The fund generated positive returns across both USD- and EUR-denominated share classes in November. In response to U.S. government initiatives aimed at resolving the Russia-Ukraine conflict, the fund further reduced its exposure to the tanker segment. Long positions in International Seaways and Teekay Tankers were cut back from portfolio weights of +7% and +4.8% to +3.5% and +2.2%, at share prices of $53.7 and $61.2 respectively. At the same time, a new position of around +2.2% of NAV was established in Okeanis EcoTankers through a secondary market offering, in which $115 million was raised to partially finance two modern Suezmax tankers from Daehan Shipbuilding. These vessels, expected to be delivered in January 2026, will expand the company’s eco-friendly fleet. Shares were purchased at the offering price of $35.50 on November 19, approximately 10% below the closing price of the previous day. Despite strong fundamentals in tanker freight rates, sentiment in this segment may soften as prospects for an end to the Russia-Ukraine conflict improve.

Performance attribution at month-end showed that within the shipping segment, the long book contributed positively with +1.8%, while the short book detracted -0.8%. Long positions in dry bulk, crude/product and offshore supply added +0.7%, +0.5% and +0.6% respectively, whereas short positions in the container segment weighed on results with a negative -0.8%. Navios Maritime Partners was the strongest performer among the long positions, while short positions in freight services detracted -0.7%. In other transportation sectors, the long book contributed +0.4% and the short book reduced performance by -1.6%. Within aviation, long positions added +0.4% and short positions contributed +0.5%.
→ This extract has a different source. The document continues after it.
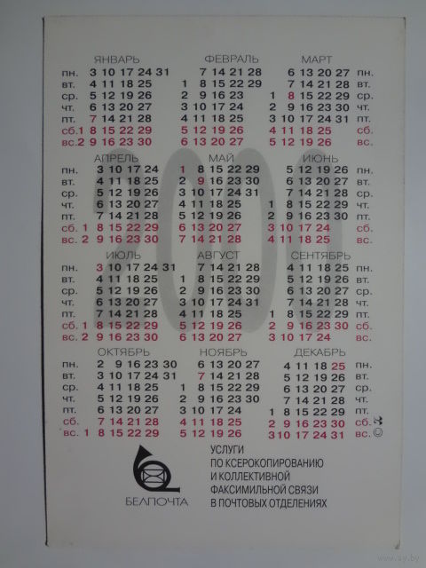 Календарик 2000 г. Белпочта. Услуги по ксерокопированию и коллективной факсимильной связи.

In the energy segment, long positions in oil and gas exploration and production recorded a loss of -0.6%. These losses were partly offset by gains of 0.4% from short positions in the nuclear sector. The oil services segment contributed a modest positive +0.1%, while renewable energy added a stronger +0.9%. Overall, hedging positions through short index futures had only a negligible impact on performance.